I say that as if I were the arbiter of 'importance'.  But really - just how many times does the average rational thoughtful human being need to see the same behaviours repeated almost 'to the template' by a group of others before they speak out? 

Today I hit my "critical mass".  One more time was once too often.  See - there are a group of 'self appointed' masters of the other space I blog at.  Funny - on a sex site one would only expect to see master in terms of the dom / sub relationship.  But not here.  These twits are helpfully providing their superior popular half baked opinions on who one should interact with, how one should interact, what you should write on, and *gasp* all you needed to know ( including personal information ) about the 'people' out there.  

The old  .. I know better and the 'whole story' so trust me - coming from someone that you only 'know' from the internet.  Really?  Umm .. can anyone say school days lunchroom anyone?

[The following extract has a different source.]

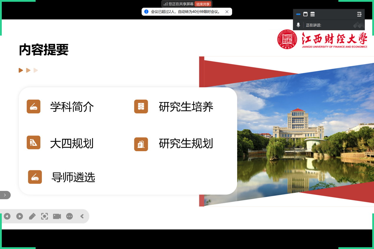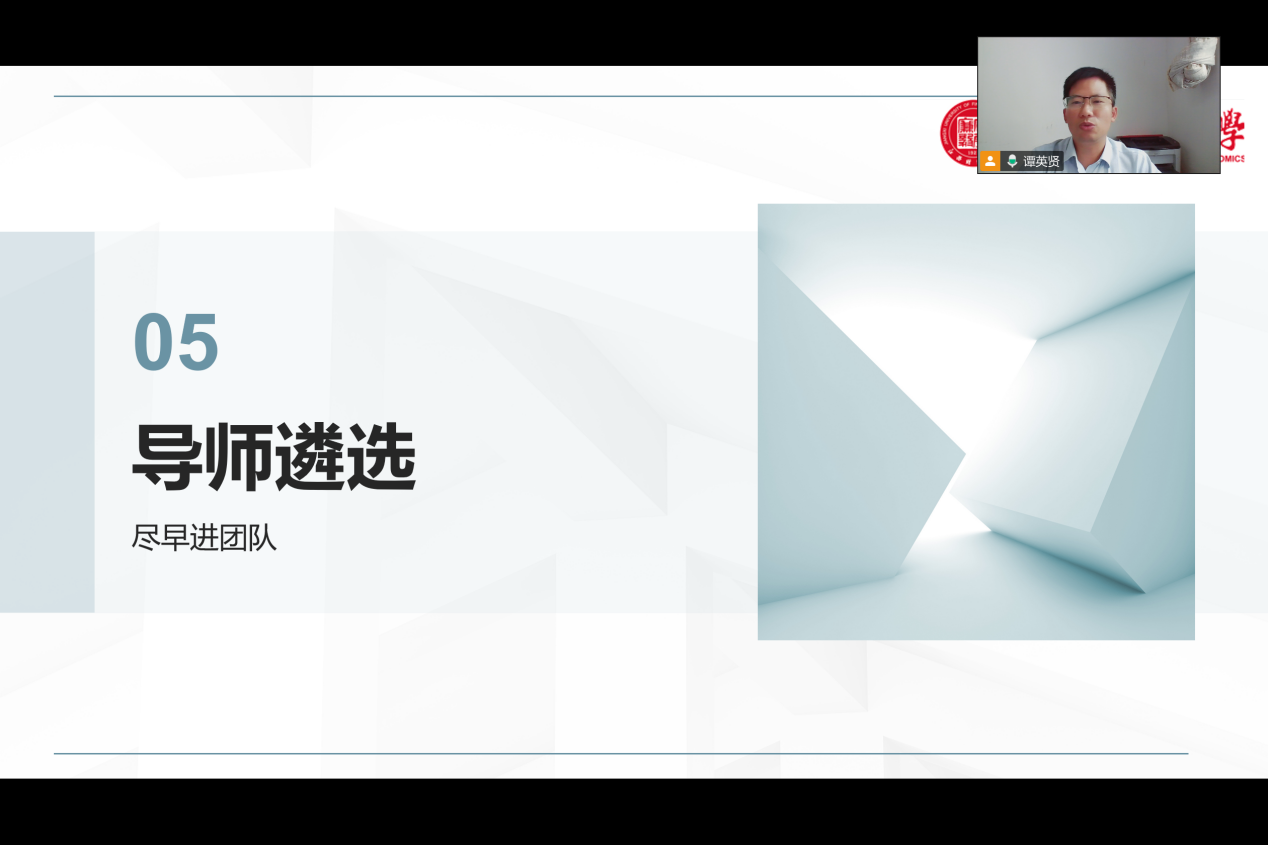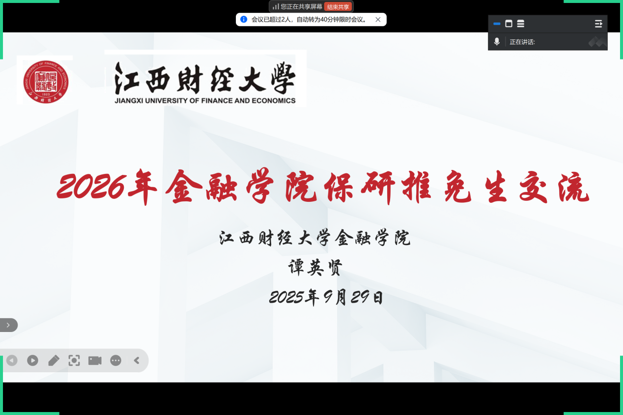 9月29日上午,金融学院通过依托腾讯会议平台,线上成功举办了“2026级保研推免生线上见面交流会”,会议由金融工程系主任谭英贤教授主持。会议围绕研究生阶段的学习科研规划、大四学年关键任务以及导师遴选流程等重要议题进行了深入讲解与交流,旨在帮助同学们2026级推免生提前明晰规划、做好准备、赢在起点。

See - the joy of a site like that is the persona you can create to show the better parts of yourself, or a side that isn't exactly 'ready for primetime television'.  But - there are more who actually are just being themselves - learning from the interactions and discovering a place where you can get advice and be heard.  It strokes that little place we all have that needs stroking and you know what?  It feels GOOD.  Yes - I said it .. it feels GOOD when people appreciate what you think and how you express it.  

But - to every silver lining - there is a cloud - that thick miasma of agenda and jealousy and liars and control.  And they are omnipresent.  They even can, and do, ruin the whole tone and tenor of a space if left to run rampant.  Mud ALL over the place.  And - you could be next.  Because - they can.  If someone doesn't speak up and say - ENOUGH. 


Today I spoke.  Not because I particularly care about any in the game.  I don't.  I just find it completely ironic that the same ones who said it all would be done when they dethroned the 'former queen' are now hot and heavy again.  And the targets - the same - dredging up the old stuff - and throwing in some new for obfuscation.  Just because they are not exactly repeating the story - just adding details.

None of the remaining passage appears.